[Discrete Mathematics] Relations Examples

@2:55 x!=y and y!=z for distinct x, y and z is symmetric and transitive but not reflective.

eimaldorani

Let A = {#, 7, x} and let R be the relation on A given by R = {(x, x), (7, 7), (#, #)}. Prove or disprove reflexivity, symmetry, and transitivity of R.

wtbruzm

@3:50 . Symmetry + transitivity works only when its defined for all elements in the set , else the reflexive relation might fail .

ferdiedsouza

Do you have any videos that go more in depth on equivalence relations and transitive closure?

JamisonOwenShow

2:32 I don't understand the symmetricity part for question i).

Using the definition of symmetricity:

forall x, y in A ( ((x, y) in R) then ((y, x)) in R) )

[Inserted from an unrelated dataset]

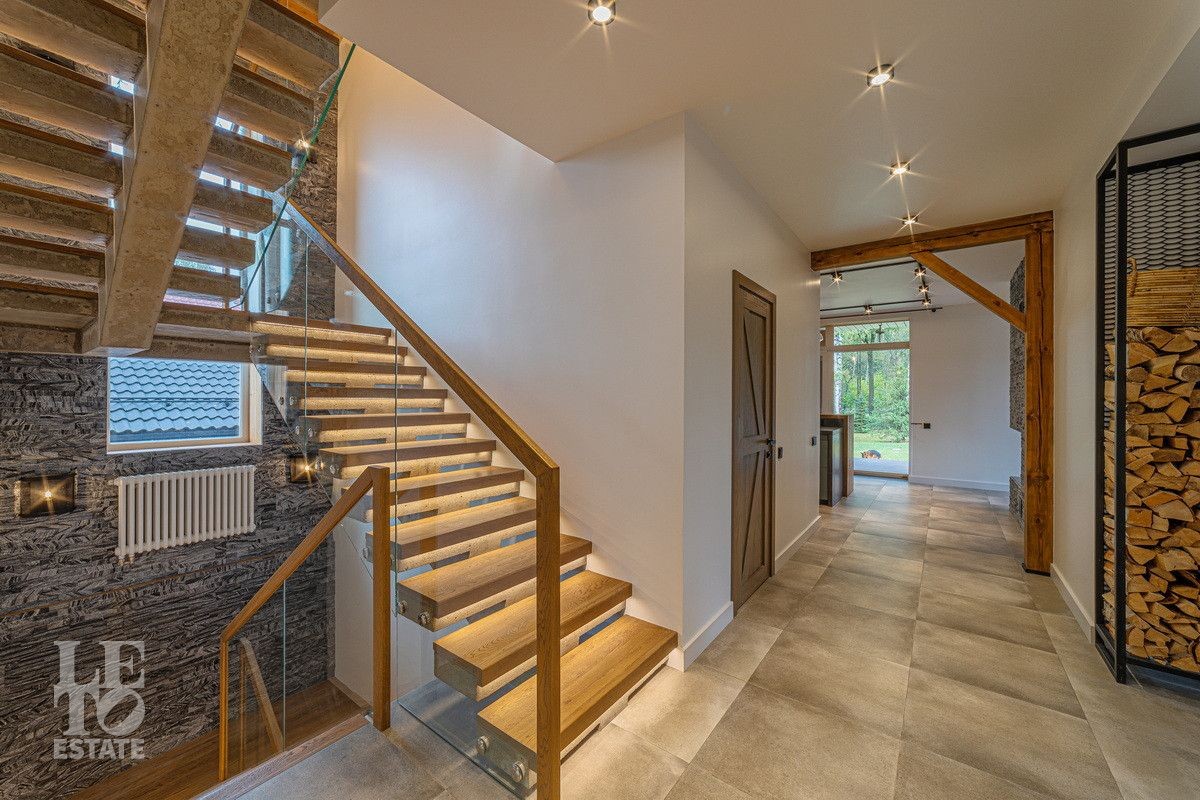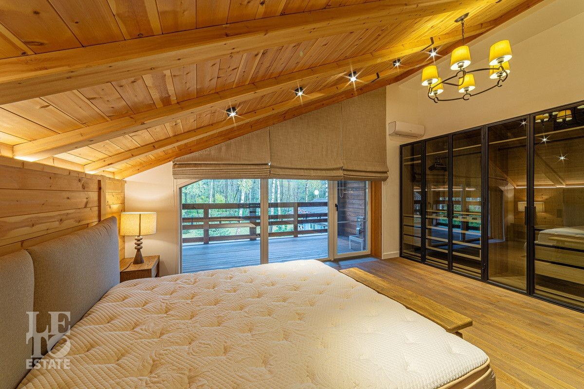 Особый шарм дому добавляет панорамное остекление на первом этаже, которое заполняет помещение светом и позволяет наслаждаться красивыми видами на участок примыкающий к лесу. Высокие потолки и просторные террасы создают атмосферу пространства и свободы.

If we take x = 2 and y = 3 and try: (2 < 3) -> (3 < 2), antecedent is true, and consequence is false, so implication is false so thus it is not symmetric. However, if we take x = 3 and y = 2 and try: (3 < 2) -> (2 < 3), antecedent is false, and consequence is true, so implication is true so now it is symmetric? For relations including strict inequalities, is there a rule that x < y < z? I'm not quite sure where I'm messing up.

DD

In the first question, 0:00
It's implicit that R1 and R2 are from within the same set?

yamatanoorochi

In the last part ("Assume: ..."), you said that it implies xRx "by transitivity", but isn't it by symmetry?
Because also the example above could only be irreflexive because it was not symmetric, or do I get something wrong?

And thank you so much for your videos! They help a lot!

Prenner

Isn't the empty relation transitive, symmetric, and irreflexive?

vishnureddy

Isn't it possible to have (x, x) in R1, and (y, y) in R2? This way both R1 and R2 are reflexive, but the intersection would not be, making the statement false?

kaspinator

Does anyone know what it means to "define the relation"? Been searching everywhere and can't seem to find it.

ikemblem